TL;DR: Matryoshka Quantization (MatQuant) trains a single model that can operate at multiple bitwidths (e.g. Int8, Int4, Int2) simultaneously by leveraging the nested structure of integer data types, outperforming independent quantization of the same models
Abstract: Quantizing model weights is critical for reducing
the communication and inference costs of large
models. However, quantizing models – especially
to low precisions like int4 or int2 – requires a
trade-off in model quality; int2, in particular, is
known to severely degrade model quality. Consequently, practitioners are often forced to maintain
multiple models with different quantization levels or serve a single model that best satisfies the
quality-latency trade-off. On the other hand, integer data types, such as int8, inherently possess
a nested (Matryoshka) structure where smaller
bit-width integers, like int4 or int2, are nested
within the most significant bits. Leveraging this
insight, in this paper, we propose Matryoshka
Quantization (MatQuant), a novel multi-scale
quantization technique that alleviates the aforementioned challenge. This technique allows us to
train and maintain a single quantized model but
serve it with the precision demanded by the deployment. Furthermore, leveraging MatQuant’s
co-training and co-distillation, int2 precision models extracted by MatQuant outperform standard
int2 quantization by up to 4% and 7% with OmniQuant and QAT as base algorithms respectively.

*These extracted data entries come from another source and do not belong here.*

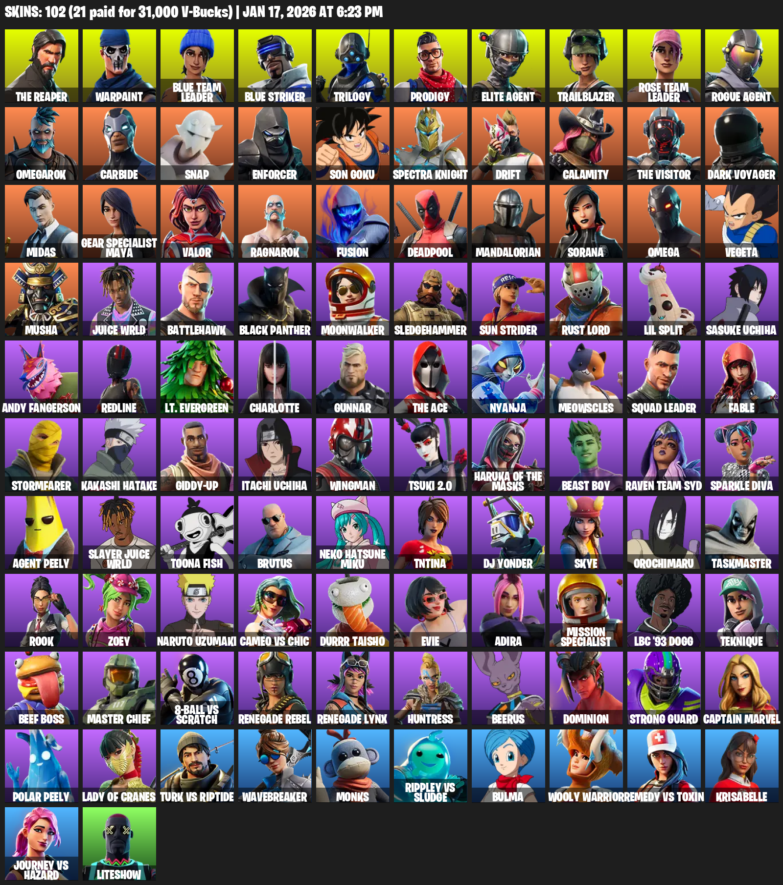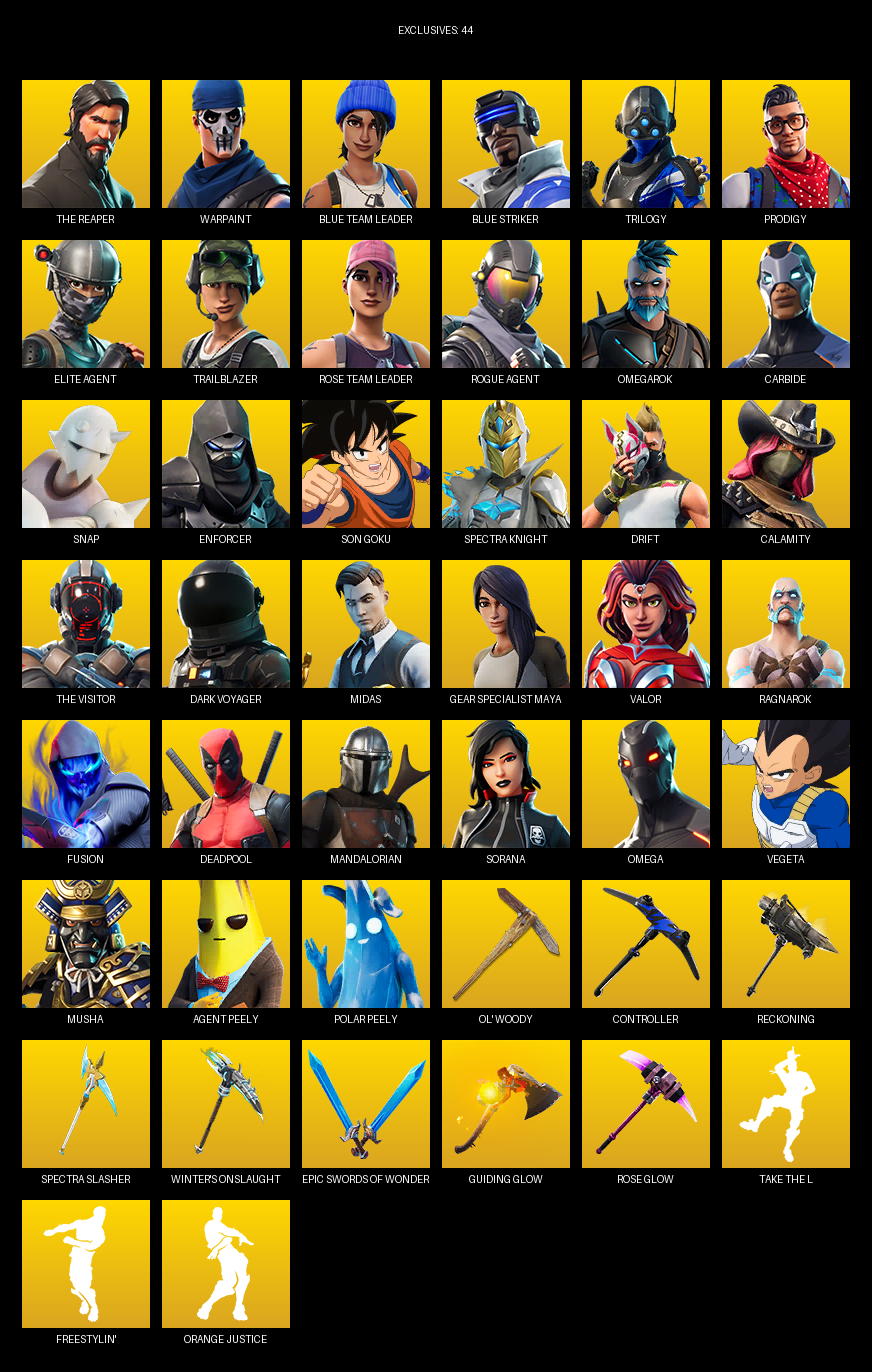 The Reaper, Elite Agent, Gear Specialist Maya, Omega, Warpaint, Blue Team Leader, Trilogy, Prodigy, Trailblazer, Omegarok, Carbide, Snap, Enforcer, Son Goku, Spectra Knight, Drift, Calamity
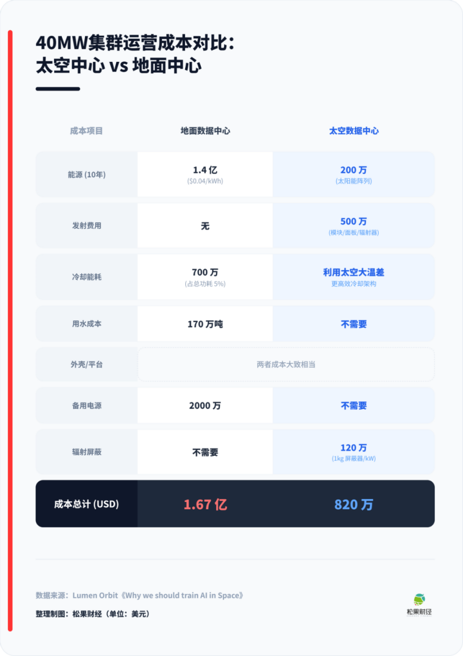 但太空算力避开了把电送下来这一步。卫星、空间站、本就需要电力;如果把一部分AI训练、推理搬到轨道侧,只需要把算过的结果往地面传,带宽和能耗都小得多,光伏系统只要同时养活算力舱和通信链路即可。
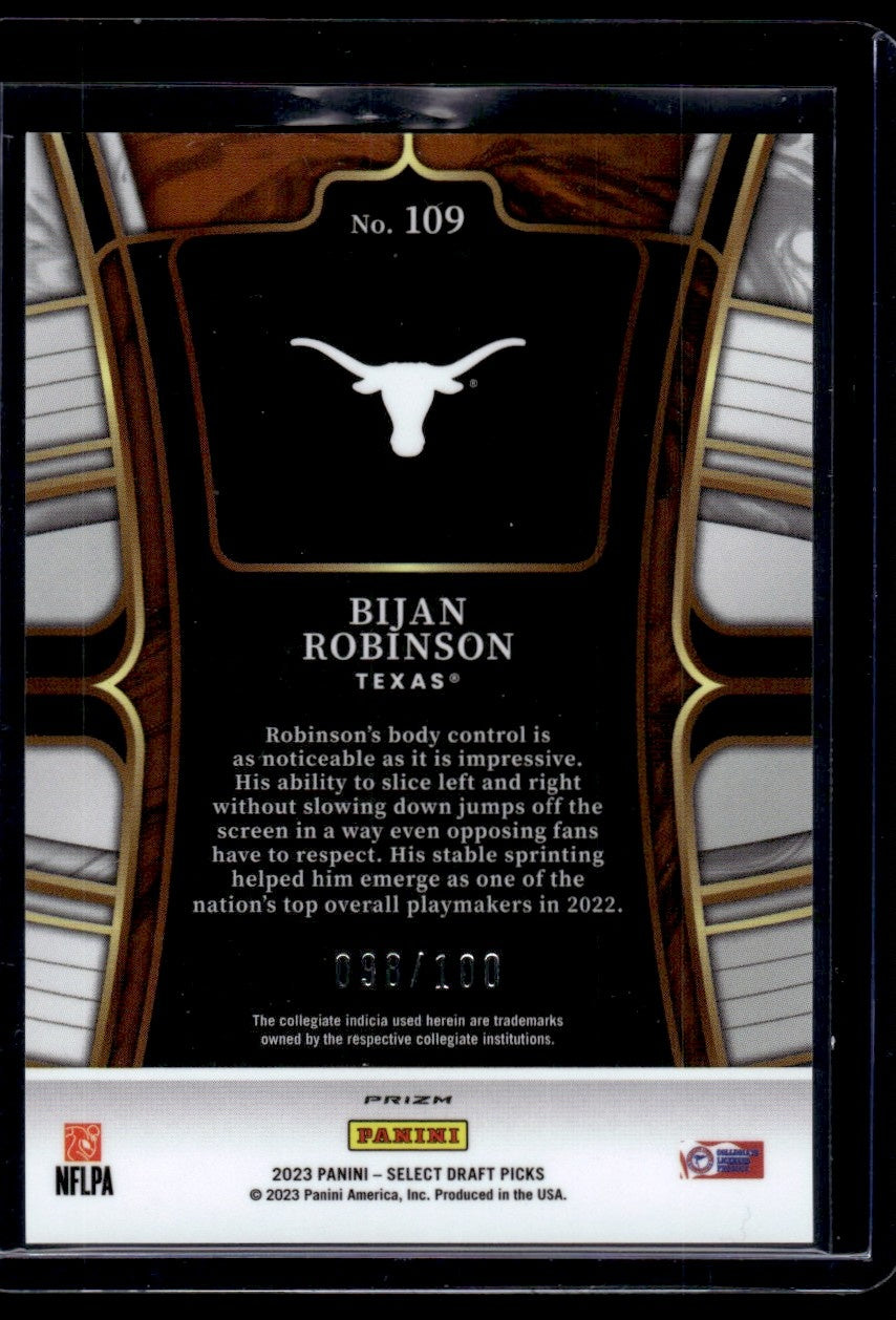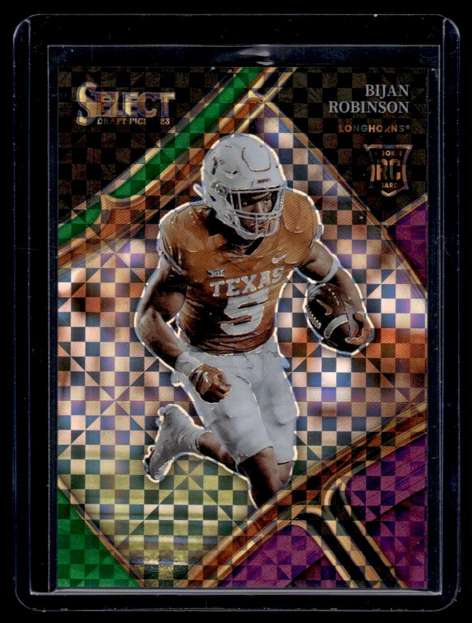 Step into the future of football with this exquisite 2023 Panini Select Bijan Robinson rookie card. This unique offering is not just a card, but a piece of sports history, featuring one of the most promising talents in the field, Bijan Robinson.
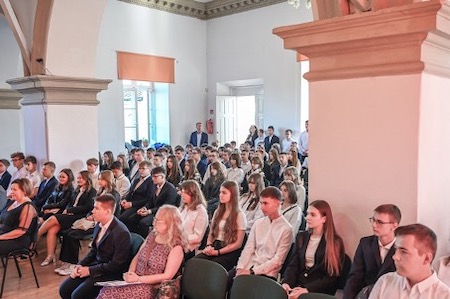 Inauguracja bieżącego roku szkolnego 2023/2024 rozpoczęła się w Sali Kolumnowej I Liceum Ogólnokształcącego uroczystym wprowadzeniem Sztandaru oraz wspólnym odśpiewaniem hymnu państwowego.
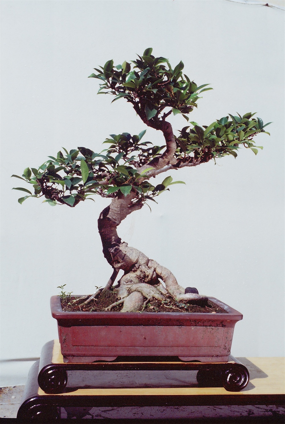 这株神态有飘飘然之感。树干刚柔兼备,极其自然,实际上也很少加工,是美的自然树。斜干倾斜到一定程度就向上翘,颇有气势。两树干亲密无间,副干表现依偎于主干怀抱,有若母子,是双斜干的好姿势。

Finally, we demonstrate that by using an extra bit
to represent outliers, a model with an effective
precision of 2.05-bit improves further by 6% with
OmniQuant as the base algorithm.
Lay Summary: Large artificial intelligence models demand substantial memory for their intricate weight parameters. Quantization, representing these weights with lower bit precision, mitigates this memory footprint but often at the cost of reduced accuracy. Consequently, practitioners frequently maintain multiple distinct model versions, each tailored to specific trade-offs between accuracy and computational speed, posing a practical challenge.
Matryoshka Quantization (MatQuant) presents an innovative solution: a single, unified model trained with nested precision levels, conceptually akin to Russian Matryoshka dolls. In this framework, models with lower bit precision are intrinsically embedded within their higher-precision counterparts. These more compact versions can be readily accessed by selectively "slicing" the appropriate weight parameters from the larger model.
This approach provides deployment flexibility, enabling the model to operate at various precision levels for either high-quality results or faster, compact execution. Notably, MatQuant's joint training process surprisingly improves the performance of the lower-bit precision models compared to when they are trained independently, offering a significant advantage beyond mere efficiency.
Application-Driven Machine Learning: This submission is on Application-Driven Machine Learning.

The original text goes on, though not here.